4. The system of claim 3, wherein the plurality of different classifications comprise: a first class of trailers that are less than a first length, a second class of trailers that are between the first length and a second length, and a third class of trailers that are greater than the second length.
5. The system of claim 3, wherein the model comprises one or more regression models.
6. The system of claim 3, wherein the model comprises at least two regression models, and each of the at least two regression models is associated with a different classification from the plurality of different classifications.
7. The system of claim 1, wherein the distribution of zero-range-rate detections includes groups of zero-range-rate targets detected at sequential intervals of potential trailer lengths that extend behind the host vehicle.

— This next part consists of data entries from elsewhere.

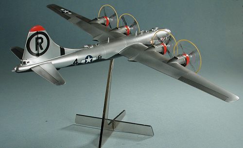OK, now I have a nice stand 1/144 B-29 to go along with the B-1 done a bit back. An interesting comparison of 40 years of technology. Would I build another B-29. Perhaps. First I'd make a concentrated effort to fix that tail. Frankly, this old Crown kit is 30 years old and shows it. I seriously doubt if there will be a replacement any time soon, though it wouldn't be a bad idea for some Chinese manufacturer to give it a try. The kit isn't as easy to build as one initially thinks but it can be slapped together if that is what one wants. I'm sure the kids will like it!
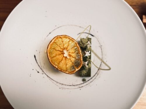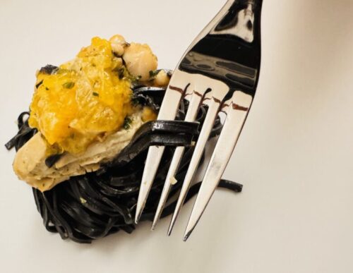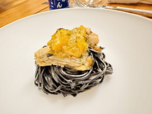 イカ墨を練り込んだ麺に牡蠣を乗せ、津奈木のみかんをトッピングしてゆずごしょうでアクセントを決め込んだパスタ。
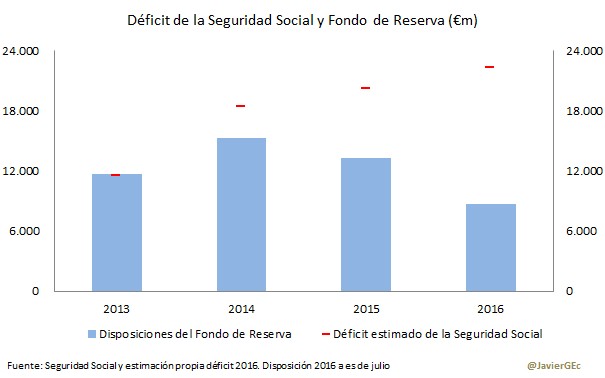 En definitiva, gran parte de la atención se concentra en la progresiva redución del Fondo de Reserva. Sin embargo, lo importante es la diferencia entre los costes e ingresos que está provocando un déficit insostenible y no si el déficit se financia haciendo uso de la hucha de las pensiones o a través de más deuda pública.
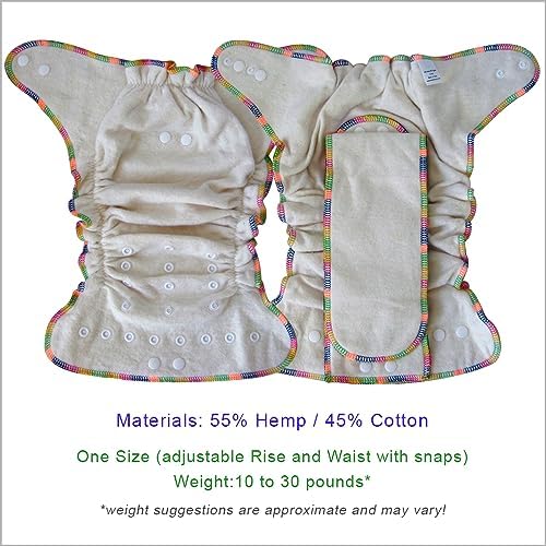 Overnight Hemp Fitted Cloth Diaper: Adjustable One-Size with Snap Buttons and 2 Cotton Hemp Inserts, Unisex Baby (2-Pack)
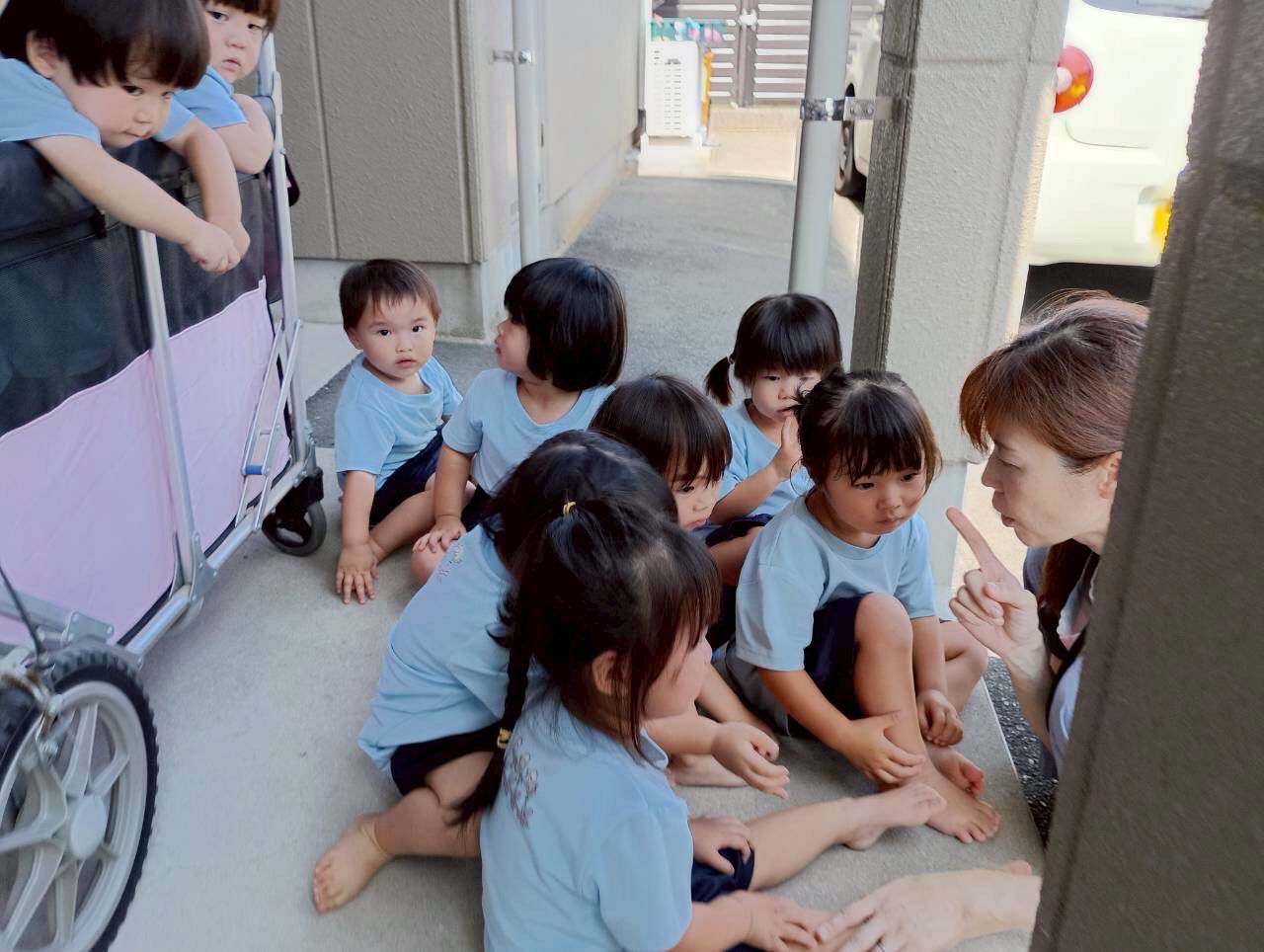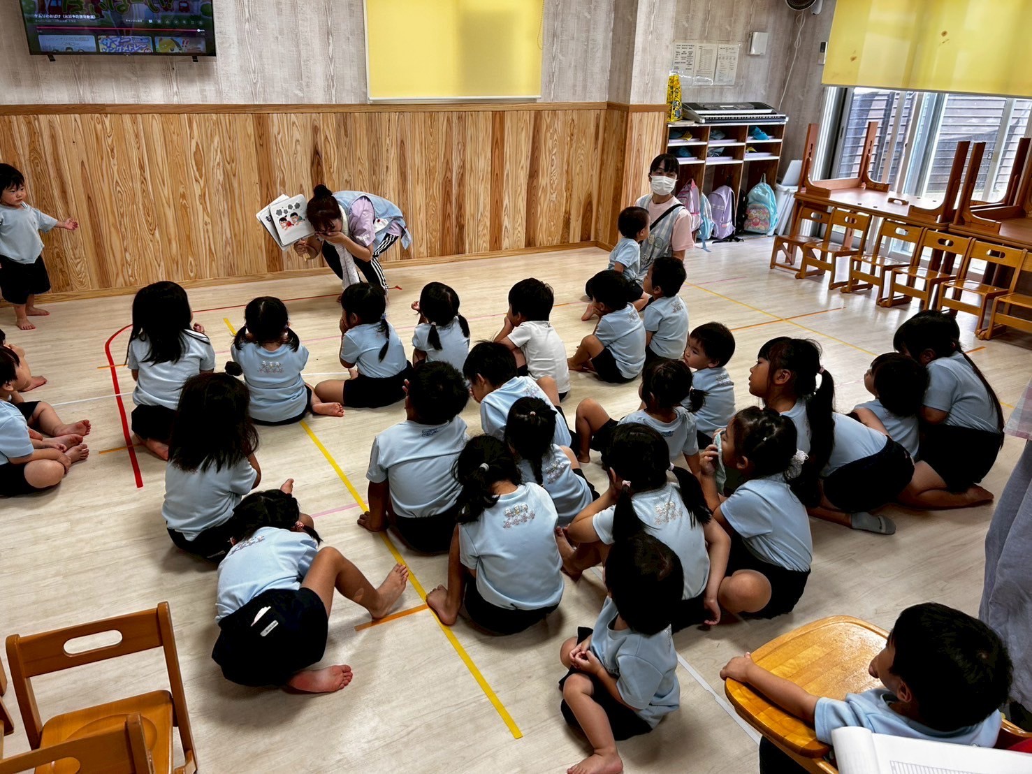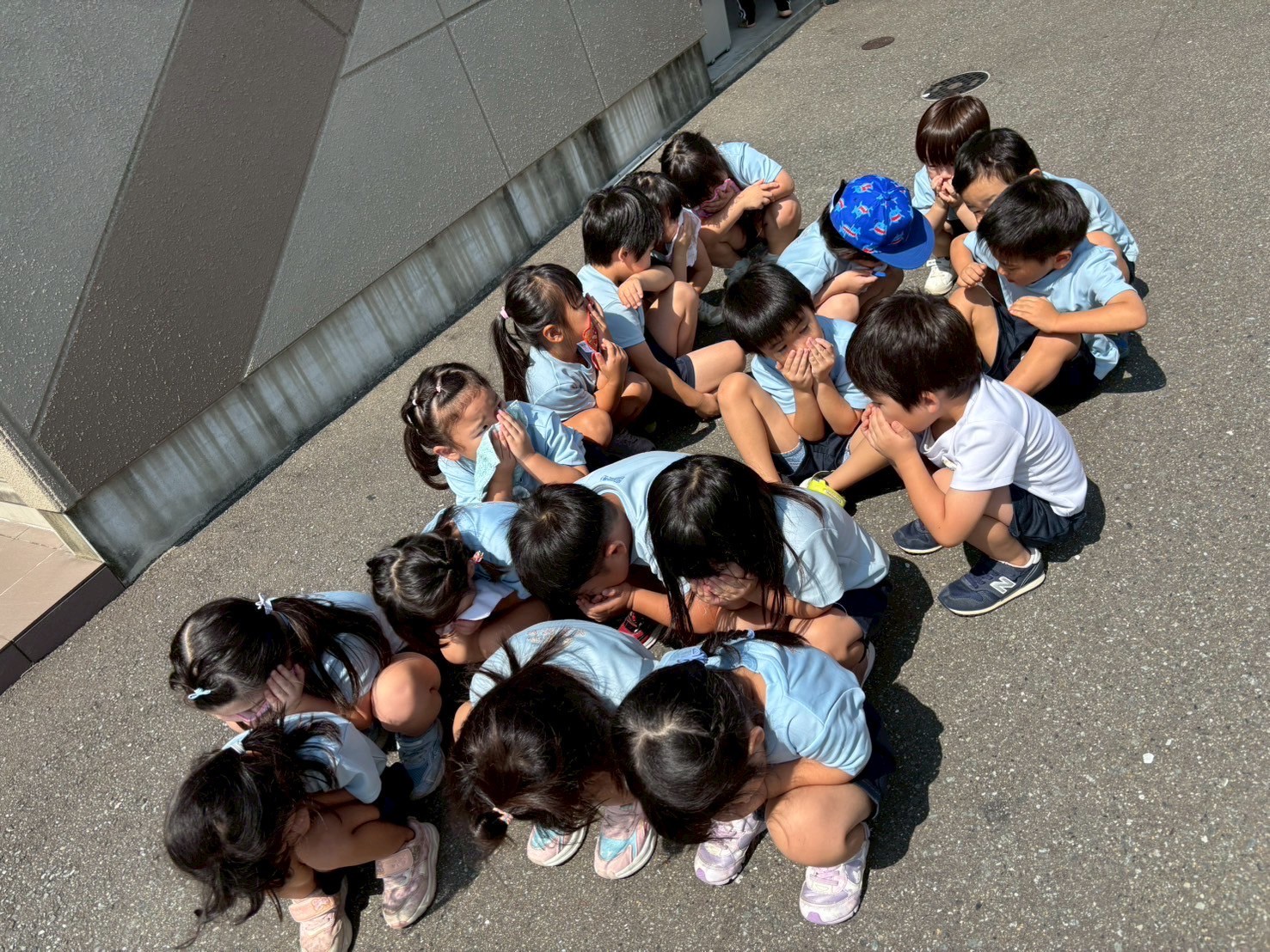 今日は絵本の読み聞かせの後、身体測定をし、火事のお話を聞きました☺️煙を吸わないように手やハンカチで口元を押さえること、姿勢を低くすること、火事を見つけたら周りの人にも知らせることなど大切なことを学びました✨実際の火事の映像も見て、真剣な表情浮かべていました‼️サイレンがなり、避難が始まってからも「お・は・し・も」の約束をしっかりと守って避難することが出来ていました👏
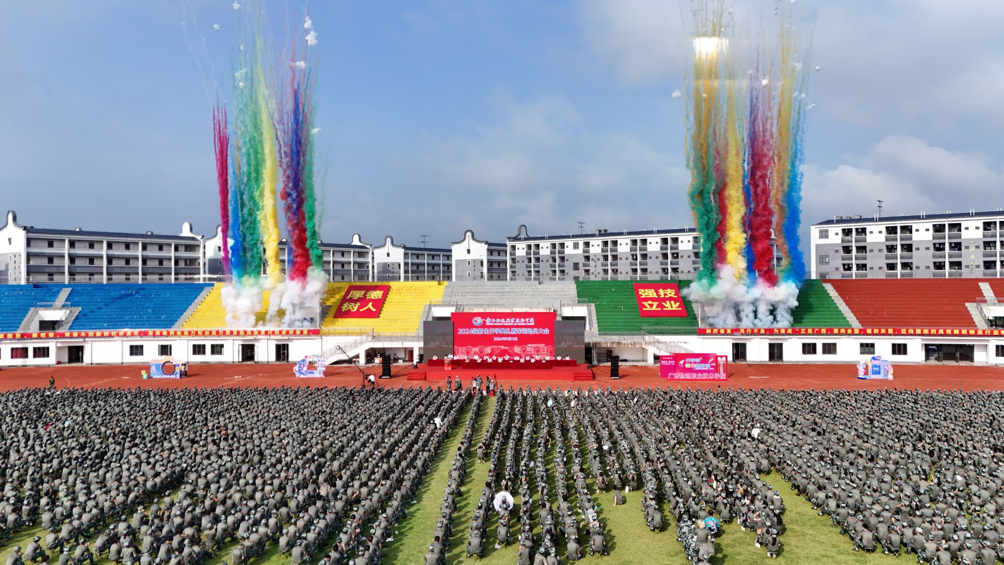 暑退九霄净,秋澄万景清2024年9月11日上午beat365在线唯一官网2024级新生开学典礼暨军训动员大会在西行运动场隆重举行恰同学...
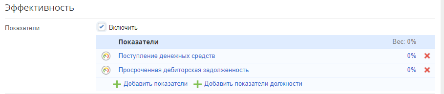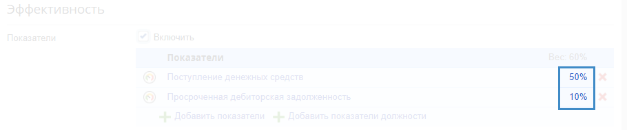Если матрица эффективности состоит из одних только показателей, то сумма весов всех показателей должна быть равна 100%. Если в матрице есть еще какие-то разделы: SMART-задачи и/или Оценки эффективности и/или Исполнительская дисциплина, то сумма весов всех разделов должна быть равна 100%.
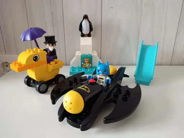 Dettagli del prodottoSet di costruzione Lego Duplo di Batman. Include figure di Batman e Pinguino. Veicolo tipo Batmobile. Figura di papero giallo con ombrello. La descrizione è stata tradotta automaticamente.
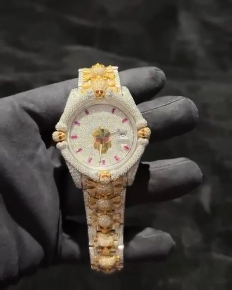 นาฬิกาเพชรโมอิสซาไนต์รูปหัวกะโหลกแบบกำหนดเอง ประดับเพชรเต็มเรือน นาฬิกาฮิปฮอปสุดหรู
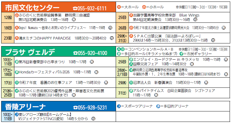 イベント 12月 市民文化センター・プラサヴェルデ・香陵アリーナの主な催し 21/22 前の記事 次の記事 発行日 : 2025年12月15日 自治体名 : 静岡県沼津市 広報紙名 : 広報ぬまづ 2025年12月15日号 (無)入場無料 (有)有料(料金等詳細についてはお問い合わせ下さい) ※催しは変更される場合があります。 Tweet シェアする 沼津で活躍する人を紹介するコーナー クローズアップ!!沼津人 その他のお知らせ(広報ぬまづ 2025年12月15日号)
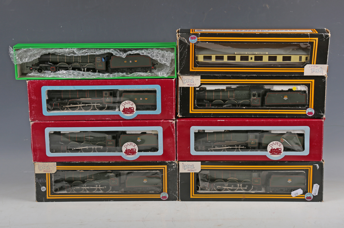 Seven Dapol OO gauge locomotives and tenders, including D005 'Dorchester Castle', 'County of Stafford' and 'Swindon', six boxed, and a coach in brown and cream livery (boxes creased and scuffed).
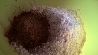 Adesso miscelate 130 g di farina 00, 70 g di cocco disidratato, 30 g di cacao amaro e 50 g di farina di carrube (se non riuscite a trovarla raddoppiate il peso del cacao).
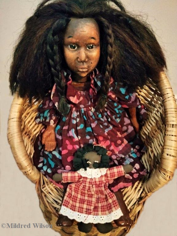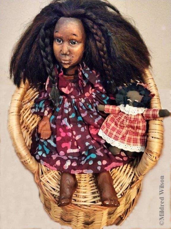 Purchased directly from the artist, “Savannah” appears to be the same doll featured on page 397 in Black Dolls Book II an Identification and Value Guide by Myla Perkins (Collector Books, 1995). The doll pictured in Perkins’ book was submitted to the author by the artist, Kor January before the doll was sold.
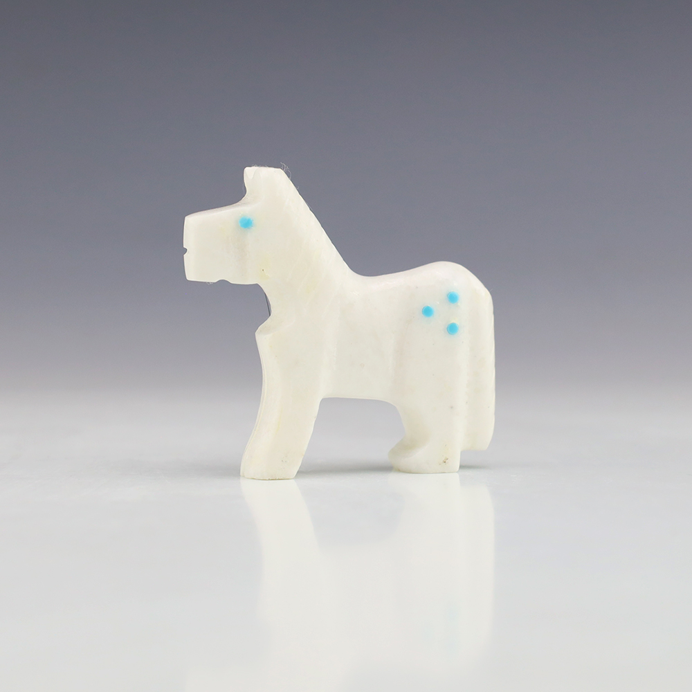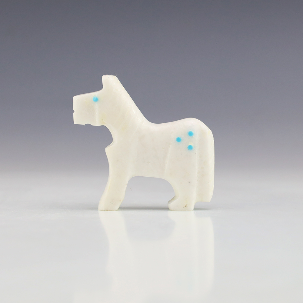 The Horse represents strength, swiftness, and possesses healing powers. Zuni fetish carver, Todd Etsate made this wonderful horse fetish out of Marble and it has Turquoise eyes and spots.
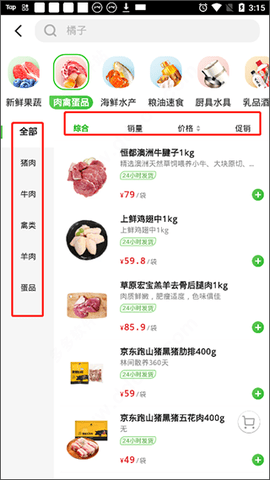 3、其中每种不同类型的商品都详细划分了多种分类,可自由进行筛选;
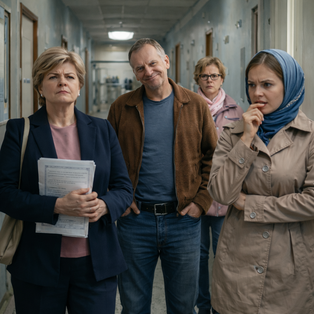 В этот момент зазвонил её телефон. Последняя модель, стекло блестело под люминесцентными лампами. Она ответила чётким, деловым тоном, который странно звучал в казённом коридоре.
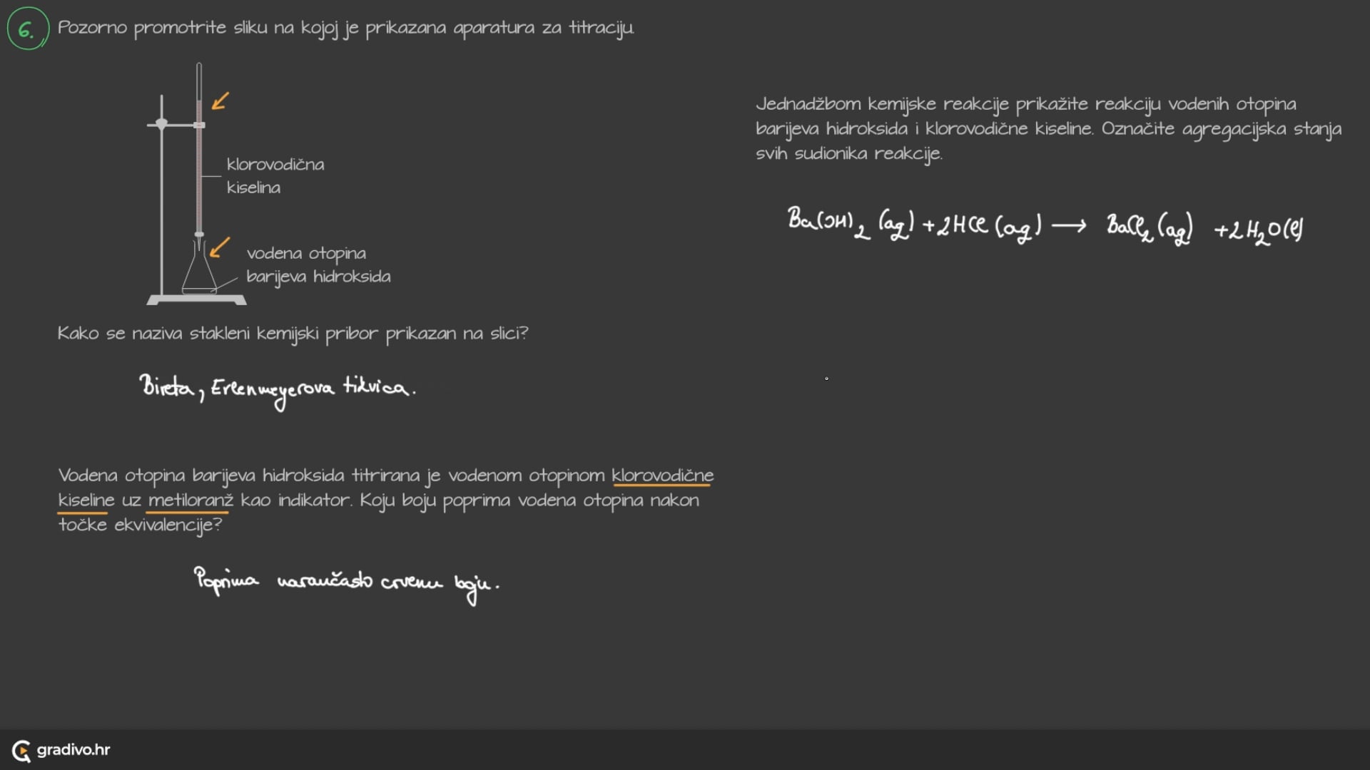 Jednadžbom kemijske reakcije prikažite reakciju vodenih otopina barijeva hidroksida i klorovodične kiseline. Označite agregacijska stanja svih sudionika reakcije.
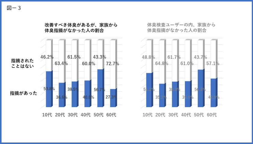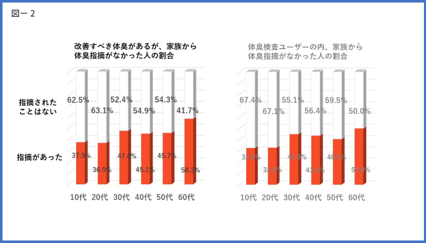 性別年代別に見ると女性の方が、体臭の有無の家族指摘正解率が低く、尚且つ、若い世代にその傾向が顕著になります。これは上記の感覚的要因の他に、「若い女の子だから傷つけたくない」「体臭に気付いているからこそ言いにくい」という、指摘する家族側の心理が働いて、低い数値となって表れていると予想されます【図-2参照】
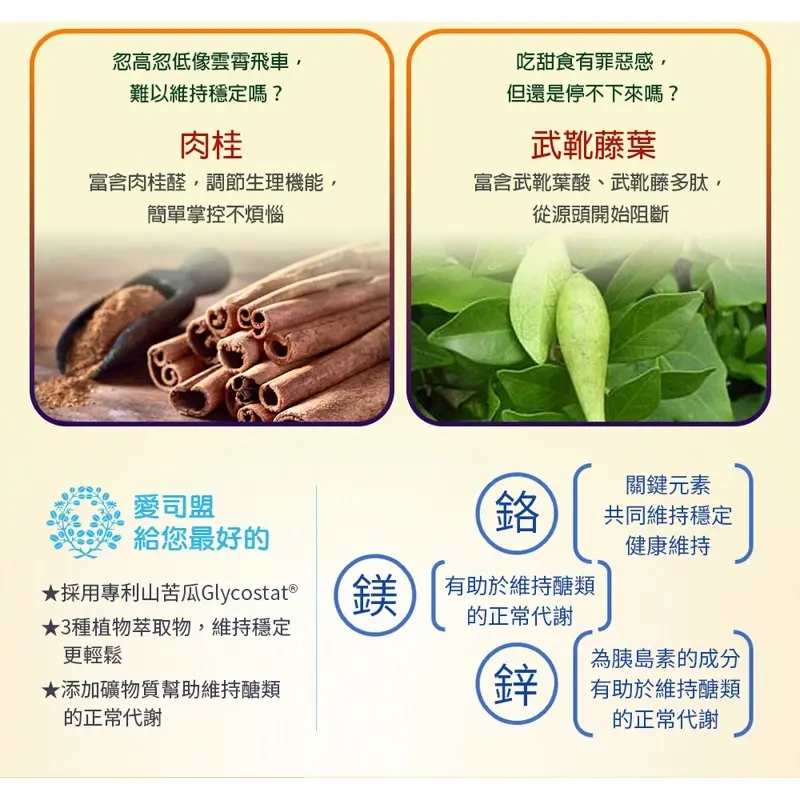 成份:山苦瓜萃取物,檸檬酸鎂,羥丙基甲基纖維素,麥芽糊精,微晶纖維素,鋅酵母,武靴藤葉萃取物,鉻酵母,肉桂10:1萃取物,硬脂酸鎂,二氧化矽,食用藍色1號,食用黃色4號。
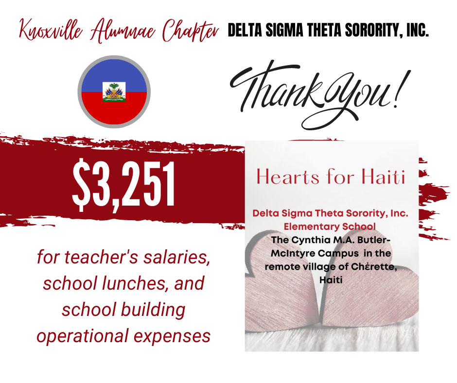 Hearts for Haiti: $3,251 in donations for the Delta Sigma Theta Sorority, Inc. Elementary School’s The Cynthia M.A. Butler-McIntyre Campus in the remote village of Chἐrette, Haiti.

8. The system in accordance with claim 7, wherein the intervals of potential trailer lengths are each less than or equal to about 0.2-meters.
9. The system of claim 1, further comprising the host vehicle.
10. A non-transitory computer-readable media comprising instructions that, when executed, configure a processor of a host vehicle to:
- communicate, with a radar unit of the host vehicle, to obtain radar detections from behind the host vehicle as a trailer is towed behind the host vehicle;
- determine, with the radar unit, a distribution of zero-range-rate detections obtained from behind the host vehicle;
- determine, based on the distribution of zero-range-rate detections, a length of the trailer being towed behind the host vehicle by: inputting the distribution of zero-range-rate detections into a model configured to predict a trailer classification; and determining, based in part on the trailer classification, the length of the trailer; and
- adjust, based on the length of the trailer, an estimated dimension of a blind zone associated with the trailer.
11. The computer-readable media of claim 10,
- wherein the model comprises at least two regression models configured to predict the trailer classification to be one of a plurality of different classifications including the trailer classification predicted by the model, and
- wherein each of the at least two regression models is associated with a different classification from the plurality of different classifications.
12. The computer-readable media of claim 11, wherein the plurality of different classifications comprise: a first class of trailers that are less than a first length, a second class of trailers that are between the first length and a second length, and a third class of trailers that are greater than the second length.
13. The computer-readable media of claim 10, wherein the distribution of zero-range-rate detections includes groups of zero-range-rate targets detected at sequential intervals of potential trailer lengths that extend behind the host vehicle.
14. The computer-readable media of claim 13, wherein the sequential intervals of potential trailer lengths are each less than or equal to about 0.2-meters.
15. The computer-readable media of claim 13, wherein the instructions, when executed, further configure the processor of the host vehicle to determine the groups of zero-range-rate targets during a finite time period.
16. A method comprising:
- obtaining, by a processor of a radar unit of a host vehicle, radar detections obtained from behind the host vehicle as a trailer is towed behind the host vehicle;
- determining, by the processor, a distribution of zero-range-rate detections obtained from behind the host vehicle;
- determining, by processor, and based on the distribution of zero-range-rate detections, a length of the trailer being towed behind the host vehicle by: inputting the distribution of zero-range-rate detections into a model configured to predict trailer a tailer classification; and determining, based in part on the trailer classification, the length of the trailer; and
- adjusting, by a controller circuit of the host vehicle and based on the length of the trailer, an estimated dimension of a blind zone associated with the trailer.
17. The method of claim 16,
- wherein the model comprises at least two regression models configured to predict the trailer classification to be one of a plurality of different classifications including the trailer classification predicted by the regression model, and
- wherein each of the at least two regression models is associated with a different classification from the plurality of different classifications.
18. The method of claim 17, wherein the plurality of different classifications comprise: a first class of trailers that are less than a first length, a second class of trailers that are between the first length and a second length, and a third class of trailers that are greater than the second length.
19. The method of claim 16, wherein the distribution of zero-range-rate detections includes groups of zero-range-rate targets detected at sequential intervals of potential trailer lengths that extend behind the host vehicle.
20. The method of claim 19, wherein determining the distribution of zero-range-rate detections comprises determining the groups of zero-range-rate targets during a finite time period.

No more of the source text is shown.